In 1945, Dino Buzzati wrote and illustrated The Bears’ Famous Invasion of Sicily. It was a children’s book. Yet like The Little Prince, by Saint-Exupéry, it makes for thoughtful adult reading. Buzzati’s work will soon become a feature film, quite belatedly.

Buzzati’s book was almost an afterthought. He wrote it to entertain his nephews and had forgotten about it, when in 1947 Italian newspaper Corriere della Sera asked him if he had any material for a kids’ supplement. That’s how he submitted it. What was only for family consumption became available for a universal readership.

The plot is simple. Bears are starving on the mountains, so they descend into the city in search for food.
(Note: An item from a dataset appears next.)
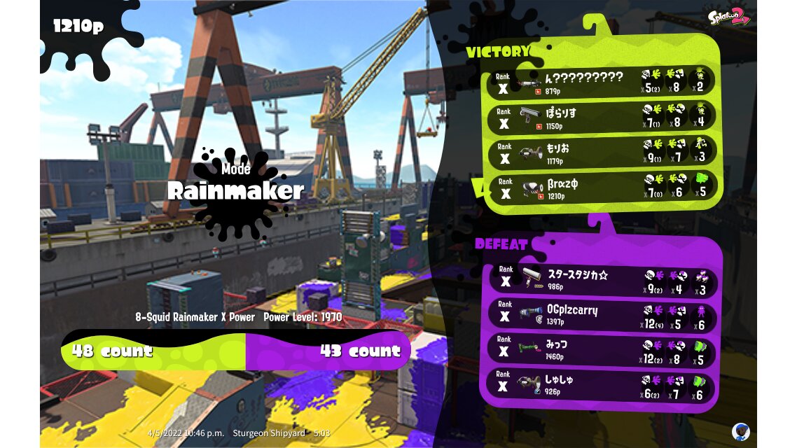 | SplatNet Battle # | 10,720 | ||||||||||||||||||||||||||||||||||||||||||||||

They also want to rescue the son of Leonzio, their king. After putting a brave fight and a thousand adventures, they beat back the soldiers of the evil Grand Duke.

In the process, however, the comforts and vices of men rub off on the bears, corrupting them. Worried, King Leonzio tells the bears: “Go back to the mountains. Leave this city where you have found wealth, but not peace of mind. Take off those ridiculous clothes. Throw away the gold. Throw away the cannons, rifles, and all the devilish things that men have taught you. Go back to what you were before.”

If that sounds familiar, it’s because it resembles a plainer summary than Orwell’s Animal Farm of what was wrong with mankind in the first half of the 20th century. Other things were also eerily predictive. Only three years ago, your correspondent saw an army of hungry bears descending over a garbage dump to scavenge for food.

It’s remarkable that after so much pain and loss in the Second World War, Buzzati was farsighted about men destroying more than other men (by the millions, as it happened). They were destroying the Earth.

“The more the dominion of man spreads over the virgin land, the more his possibilities of salvation diminish, and, at some point, he will become prisoner of himself, they will barely able to breathe and for a corner of authentic forest he will be willing to give away all its evil cities, but it will be too late, the ancient forests will no longer have a leaflet left.”